The Masses Ruin EVERYTHING.
Jeremiah Owyang noted in a Twitter on Friday that all kinds of people were at the Web 2.0 Expo this week, not just "the cool kids." A-hem. That's why some of us didn't go....
It's not so much a snobby cool thing though as it is an early adopter v. bandwagon, LOOK-ME-TOO!!!! thing. Similarly Scoble drew a Web 2.0 line in the sand Friday when he said anyone who joined Twitter after Friday was officially not an early adopter anymore and hence, not worth following. (Perhaps Scoble is just exhausted with 20,000+ followers and people he's following. I know I would be! I already got an unexpected phone bill this month thanks to Twitter. Somehow I *wasn't* on an unlimited text plan. Ouch.)

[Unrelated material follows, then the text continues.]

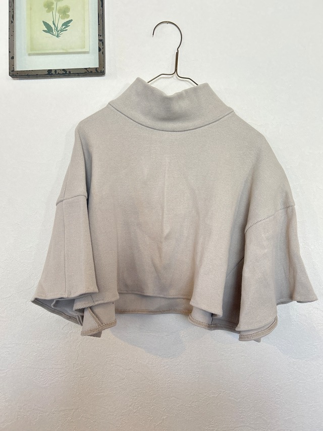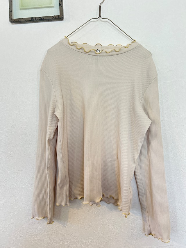 handmadeDON フリルニットカットソー やわらか2wayテレコ ベージュ コットン96% ポリウレタン4% size L 着丈約58cm 身幅約50cm 袖丈約57cm ※置いた状態でのサイズ感です ※照明等の関係により、実物と多少色合いが異なりますので、ご了承下さい。
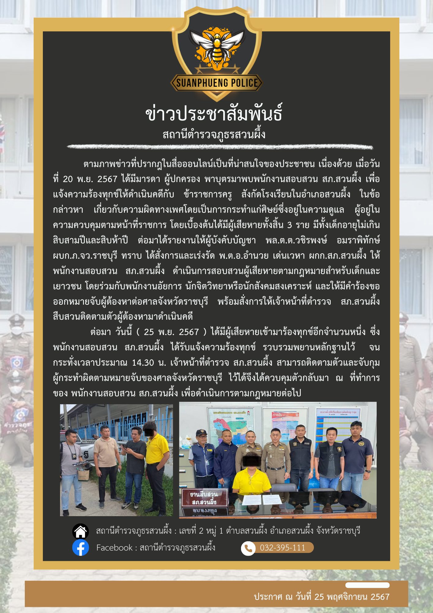 2024年11月25日、ラチャブリ県スワンプン郡の学校に通う複数の生徒の保護者が警察に通報。子どもたちが教師による性的虐待を受けていたと訴えました。捜査の結果、これまでに10人以上の生徒が被害を受けた可能性が明らかになり、同校の男性教師(30歳)が逮捕されました。

I'm thinking something similar has happened with the fun geek Guitar Hero/Rock Band subculture. Or not so much subculture as just ubiquity. My issue isn't that it's everywhere. I think that part is awesome. It gives us all a shared consciousness when, say, One by Metallica comes on in bar. We're all thinking about that part it the song when it goes nuts and you've just got to hang onto your axe for dear life and hope you don't get booed off stage. There are so many notes you know if you make it, you're getting at least a 100,000+ score. (Am I right, geeks?)
My issue is that it seems to have gone from the pass time at startups (or Yahoo green rooms) or the drunken pass time at casual dinner parties to the check box on any big, 111-Minna-style startup party. Really? We have to PROVE we are that Web-twenty these days? "LOOK WE HAVE ROCK BAND AT OUR PARTY!" ugh.
Way to ruin a good thing, Web Twenty late-comers.